[Source data]
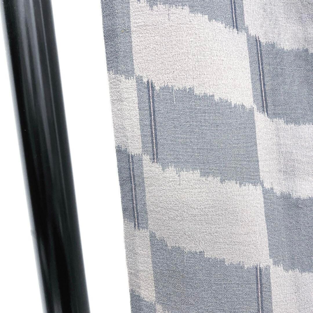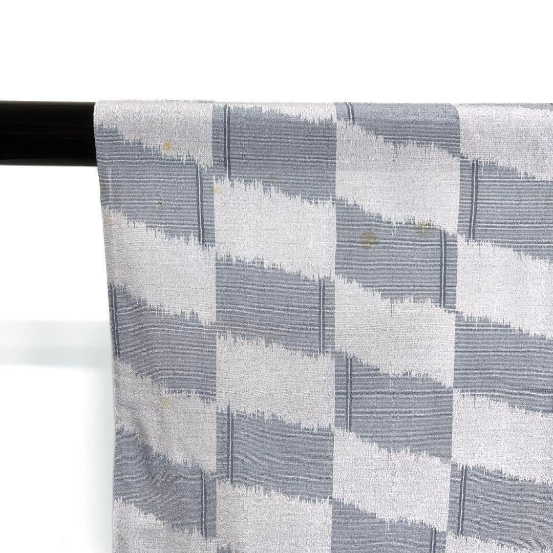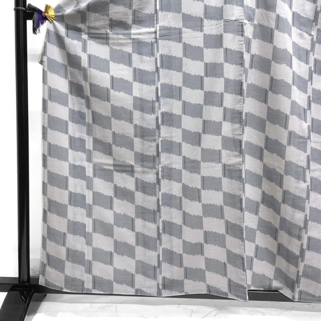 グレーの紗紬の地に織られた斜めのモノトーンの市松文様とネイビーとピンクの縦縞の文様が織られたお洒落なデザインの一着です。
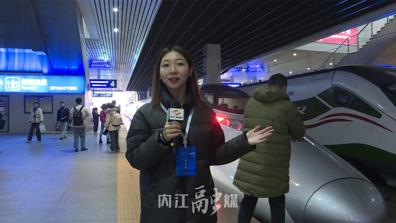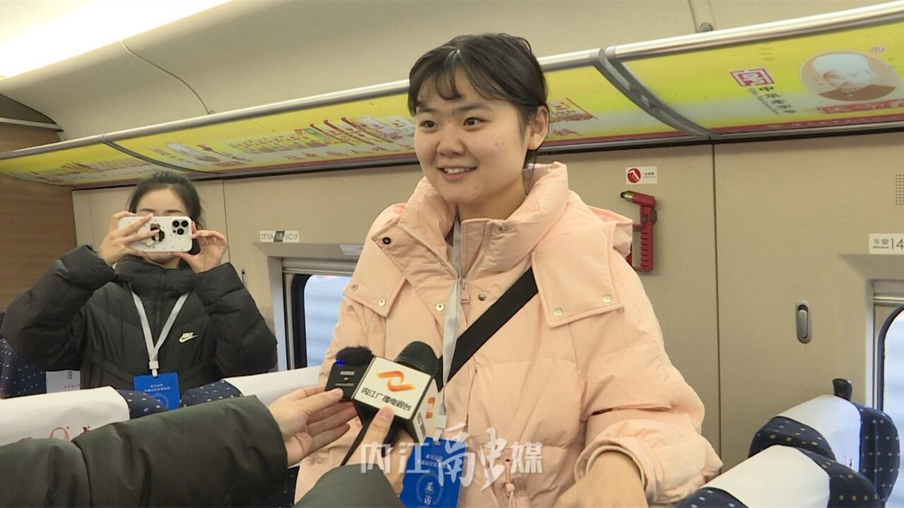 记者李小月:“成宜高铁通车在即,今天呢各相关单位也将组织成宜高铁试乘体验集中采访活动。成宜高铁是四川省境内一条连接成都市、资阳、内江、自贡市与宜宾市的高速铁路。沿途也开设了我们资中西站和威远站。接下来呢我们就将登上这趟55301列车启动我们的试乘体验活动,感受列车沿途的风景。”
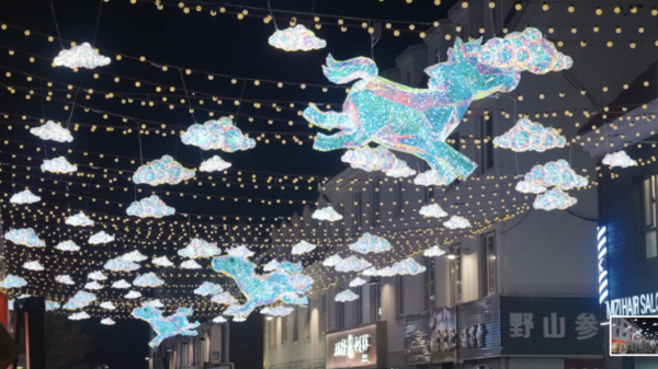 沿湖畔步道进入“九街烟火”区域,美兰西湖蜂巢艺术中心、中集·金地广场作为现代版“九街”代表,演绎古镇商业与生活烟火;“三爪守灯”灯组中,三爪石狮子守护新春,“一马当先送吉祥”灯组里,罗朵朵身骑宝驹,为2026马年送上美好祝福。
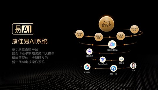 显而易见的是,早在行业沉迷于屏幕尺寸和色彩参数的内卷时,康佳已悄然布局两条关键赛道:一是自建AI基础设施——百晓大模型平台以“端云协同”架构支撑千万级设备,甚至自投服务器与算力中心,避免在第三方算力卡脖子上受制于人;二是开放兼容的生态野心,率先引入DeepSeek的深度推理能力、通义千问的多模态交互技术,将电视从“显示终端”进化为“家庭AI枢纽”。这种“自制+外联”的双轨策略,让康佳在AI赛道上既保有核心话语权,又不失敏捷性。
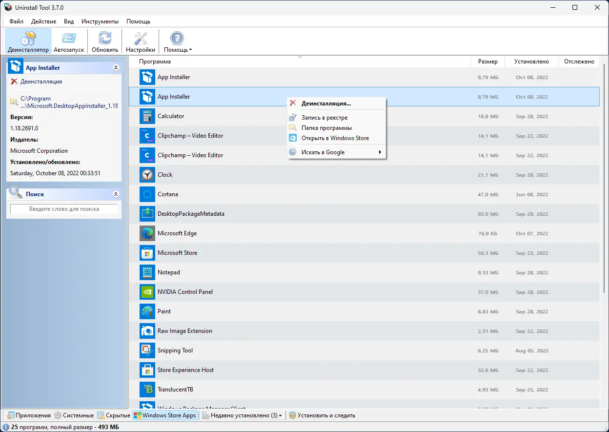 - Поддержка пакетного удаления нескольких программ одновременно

(Task to carry out) Reproduce nothing but the lines running from the line with "显而易见的是,早在行业沉迷于" through the end of the records, keeping both end lines and dropping the pictures.

(Solution to this exercise)
 显而易见的是,早在行业沉迷于屏幕尺寸和色彩参数的内卷时,康佳已悄然布局两条关键赛道:一是自建AI基础设施——百晓大模型平台以“端云协同”架构支撑千万级设备,甚至自投服务器与算力中心,避免在第三方算力卡脖子上受制于人;二是开放兼容的生态野心,率先引入DeepSeek的深度推理能力、通义千问的多模态交互技术,将电视从“显示终端”进化为“家庭AI枢纽”。这种“自制+外联”的双轨策略,让康佳在AI赛道上既保有核心话语权,又不失敏捷性。
 - Поддержка пакетного удаления нескольких программ одновременно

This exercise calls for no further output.